Implementing compressed sensing with deep image prior to reconstruct undersampled dynamic contrast-enhanced MRI data of the breast
Kalina P Slavkova1, Julie C DiCarlo2,3, David M Van Veen4, Anum K Syed5, Ajil Jalal4, John Virostko6, Anna G Sorace7, Alexandros G Dimakis4,8, and Thomas E Yankeelov2,5,6,9
1Physics, University of Texas at Austin, Austin, TX, United States, 2Oden Institute for Computational Engineering and Sciences, University of Texas at Austin, Austin, TX, United States, 3Livestrong Cancer Institutes, University of Texas at Austin, Austin, TX, United States, 4Electrical and Computer Engineering, University of Texas at Austin, Austin, TX, United States, 5Biomedical Engineering, University of Texas at Austin, Austin, TX, United States, 6Medicine, University of Texas at Austin, Austin, TX, United States, 7Biomedical Engineering, University of Alabama at Birmingham, Birmingham, AL, United States, 8Wireless Networking and Communications Group, University of Texas at Austin, Austin, TX, United States, 9Oncology, University of Texas at Austin, Austin, TX, United States


We evaluate the ability of the compressed sensing with deep image prior (CS-DIP) algorithm to reconstruct undersampled dynamic contrast-enhanced MRI data of the breast.
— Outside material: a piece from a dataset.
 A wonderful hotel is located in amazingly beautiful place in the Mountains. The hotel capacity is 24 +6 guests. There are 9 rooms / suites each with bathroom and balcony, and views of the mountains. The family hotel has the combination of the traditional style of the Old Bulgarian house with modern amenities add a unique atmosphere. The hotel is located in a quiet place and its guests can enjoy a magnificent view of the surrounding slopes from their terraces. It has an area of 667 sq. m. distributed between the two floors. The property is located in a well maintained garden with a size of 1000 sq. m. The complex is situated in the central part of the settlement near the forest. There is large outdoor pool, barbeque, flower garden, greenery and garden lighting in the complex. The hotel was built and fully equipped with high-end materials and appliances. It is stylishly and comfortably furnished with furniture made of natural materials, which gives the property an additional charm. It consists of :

The performance of the reconstruction is evaluated by comparing quantitative parameters computed from the reconstructed data to the original parameter values computed from fully-sampled data. We hypothesize that CS-DIP will enable dramatically fewer k-space measurements, thereby allowing for higher temporal (while maintaining spatial) resolution of breast MRI scans.
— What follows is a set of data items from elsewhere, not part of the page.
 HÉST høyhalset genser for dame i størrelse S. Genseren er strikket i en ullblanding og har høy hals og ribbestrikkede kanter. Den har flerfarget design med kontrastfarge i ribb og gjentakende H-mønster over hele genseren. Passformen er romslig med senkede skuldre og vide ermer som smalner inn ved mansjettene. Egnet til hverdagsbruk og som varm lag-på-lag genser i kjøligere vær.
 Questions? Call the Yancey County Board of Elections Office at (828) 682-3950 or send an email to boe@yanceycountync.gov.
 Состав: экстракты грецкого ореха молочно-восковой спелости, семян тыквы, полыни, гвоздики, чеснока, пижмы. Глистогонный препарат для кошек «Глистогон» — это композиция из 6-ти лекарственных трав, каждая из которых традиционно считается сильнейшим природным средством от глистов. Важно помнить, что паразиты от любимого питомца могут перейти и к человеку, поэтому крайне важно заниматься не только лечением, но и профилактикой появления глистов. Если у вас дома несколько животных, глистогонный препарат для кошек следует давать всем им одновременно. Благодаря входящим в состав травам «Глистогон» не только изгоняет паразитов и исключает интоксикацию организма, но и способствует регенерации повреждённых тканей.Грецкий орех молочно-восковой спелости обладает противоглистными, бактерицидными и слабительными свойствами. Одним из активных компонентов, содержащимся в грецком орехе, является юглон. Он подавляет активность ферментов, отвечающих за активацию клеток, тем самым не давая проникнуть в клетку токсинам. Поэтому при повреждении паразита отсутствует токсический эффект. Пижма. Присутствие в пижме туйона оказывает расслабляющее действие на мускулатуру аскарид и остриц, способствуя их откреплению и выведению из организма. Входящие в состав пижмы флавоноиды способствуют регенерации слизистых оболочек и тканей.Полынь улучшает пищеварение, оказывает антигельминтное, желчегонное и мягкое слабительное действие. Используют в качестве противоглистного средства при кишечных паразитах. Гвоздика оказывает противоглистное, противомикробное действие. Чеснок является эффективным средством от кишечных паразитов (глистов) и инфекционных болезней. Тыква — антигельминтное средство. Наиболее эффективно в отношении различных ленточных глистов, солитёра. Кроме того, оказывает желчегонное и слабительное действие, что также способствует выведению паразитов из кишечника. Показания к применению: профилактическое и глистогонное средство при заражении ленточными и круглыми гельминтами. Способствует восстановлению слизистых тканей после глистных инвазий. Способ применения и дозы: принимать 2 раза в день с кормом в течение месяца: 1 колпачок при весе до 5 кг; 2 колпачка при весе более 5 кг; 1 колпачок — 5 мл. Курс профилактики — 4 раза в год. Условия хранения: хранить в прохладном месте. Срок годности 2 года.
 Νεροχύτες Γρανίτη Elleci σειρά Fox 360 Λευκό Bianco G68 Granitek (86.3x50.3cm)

Dynamic contrast-enhanced (DCE) MRI involves the serial acquisition of heavily T1-weighted MRI data which can then be analyzed with a pharmacokinetic model to return estimates of the volume transfer constant (Ktrans) and extravascular/extracellular volume fraction (ve) [1]. Ktrans has been shown to be an important diagnostic parameter, along with the semi-quantitative signal enhancement ratio (SER), as it differs significantly between malignant and benign tissues [2]; however, the ability to accurately and precisely determine these model parameters is fundamentally limited by the temporal resolution of the DCE-MRI protocol [3]. The potential to expedite temporal sampling without substantial reduction in spatial resolution has not been explored using compressed sensing with deep image prior (CS-DIP), which requires a very small data set for training [4]. Here we quantitatively compare the pharmacokinetic and semiquantitative analyses of fully sampled DCE-MRI data to that performed on DCE-MRI data that was retrospectively undersampled and reconstructed with CS-DIP.
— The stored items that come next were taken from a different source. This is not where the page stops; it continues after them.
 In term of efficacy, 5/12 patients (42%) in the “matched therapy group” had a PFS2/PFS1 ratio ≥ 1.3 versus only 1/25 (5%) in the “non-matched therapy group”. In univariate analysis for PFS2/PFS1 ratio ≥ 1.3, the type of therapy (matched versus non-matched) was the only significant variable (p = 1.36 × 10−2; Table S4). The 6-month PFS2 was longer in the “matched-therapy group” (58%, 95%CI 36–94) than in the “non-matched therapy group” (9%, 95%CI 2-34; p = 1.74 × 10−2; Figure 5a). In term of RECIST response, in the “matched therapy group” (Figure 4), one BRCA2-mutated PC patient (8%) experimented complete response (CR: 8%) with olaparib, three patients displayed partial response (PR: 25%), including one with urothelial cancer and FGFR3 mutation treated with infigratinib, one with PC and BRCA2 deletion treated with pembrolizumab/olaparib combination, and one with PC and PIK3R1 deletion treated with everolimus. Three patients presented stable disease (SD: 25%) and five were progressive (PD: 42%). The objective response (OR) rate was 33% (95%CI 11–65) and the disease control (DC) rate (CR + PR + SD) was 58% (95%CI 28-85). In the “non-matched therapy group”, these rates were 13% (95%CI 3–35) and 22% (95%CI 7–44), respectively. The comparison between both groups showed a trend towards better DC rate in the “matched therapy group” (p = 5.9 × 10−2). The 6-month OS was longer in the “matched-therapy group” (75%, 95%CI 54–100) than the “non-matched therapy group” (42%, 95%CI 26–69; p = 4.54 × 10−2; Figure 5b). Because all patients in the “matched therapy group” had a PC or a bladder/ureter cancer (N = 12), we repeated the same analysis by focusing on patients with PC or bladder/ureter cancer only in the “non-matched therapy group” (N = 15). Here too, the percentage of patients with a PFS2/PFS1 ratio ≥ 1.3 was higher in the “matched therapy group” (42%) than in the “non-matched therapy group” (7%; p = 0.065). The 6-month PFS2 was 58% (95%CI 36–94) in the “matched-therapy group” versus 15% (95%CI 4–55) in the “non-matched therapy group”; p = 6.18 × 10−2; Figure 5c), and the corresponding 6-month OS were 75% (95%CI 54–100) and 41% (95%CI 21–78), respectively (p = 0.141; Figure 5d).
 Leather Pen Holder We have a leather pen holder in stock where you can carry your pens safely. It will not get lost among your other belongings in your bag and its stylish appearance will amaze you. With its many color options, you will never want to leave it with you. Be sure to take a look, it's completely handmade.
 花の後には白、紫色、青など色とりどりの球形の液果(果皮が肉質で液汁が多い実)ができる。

DCE-MRI acquisition. Patients (N=22) with locally advanced breast cancer were scanned using a 3T Skyra (Siemens, Erlangan, Germany) equipped with a 16-channel receive double-breast coil (Invivo, Gainsville, FL). DCE-MRI data was collected with an acquisition matrix of 192×192 and TR/TE/a = 7.02 ms/4.60 ms/6o and a GRAPPA acceleration factor of 2 so that each 10-slice set was collected in 7.3 s at 66 time points. After collecting one minute of dynamic scans (i.e., the first 8 time points), 10 mL of Gadavist (Bayer, Whippany, NJ) was delivered at 2 mL/sec (followed by a saline flush) through a catheter placed within an antecubital vein. One representative patient dataset was used for the preliminary analysis presented in this abstract.
CS-DIP reconstruction. Each image frame of the representative DCE-MRI data set was first retrospectively under-sampled by applying a Cartesian binary sampling mask of 50 equidistant lines distributed along the phase encoding direction, corresponding to an improvement in temporal resolution of nearly a factor of four. The resultant k-space measurements were passed to the CS-DIP algorithm, implemented in Python, which trains the weights of a deep convolutional generative adversarial network (DCG­­­AN) by minimizing the error between the measurements and the measured network output as well as t­­­­­he total variation of the output [4].
DCE-MRI analysis. The reconstructed DCE-MRI data were first segmented using the Fuzzy C-means algorithm [5]. The dynamic times courses from the tumor region of interest (ROI) were then analyzed by the Kety-Tofts model implemented in MATLAB (Mathworks, Natick, MA) to return Ktrans and ve parameter maps. Fits were bounded such that Ktrans is constrained between 0 to 5 min-1 and ve is constrained between 0 to 1. Semiquantitative SER maps were also computed using the reconstructed data. Note, these parameter maps are subsequently referred to as “reconstruction-based”. The same procedure was applied to the original DCE-MRI time courses to obtain ground truth parameter estimates and SER maps (subsequently referred to as “original”) to which the reconstruction-based parameter estimates and SER values were compared.
Statistical analysis. The percent error and concordance correlation coefficient (CCC) between the original and reconstructed parameter estimates were evaluated to determine the accuracy of using a pharmacokinetic analysis of CS-DIP reconstructed DCE-MRI data. The percent error, CCC, and structural similarity index (SSIM) were employed to evaluate the quality of the reconstructed image frames compared to the original dataset. The CCC and SSIM extend from -1 (complete disagreement) to 1 (complete agreement).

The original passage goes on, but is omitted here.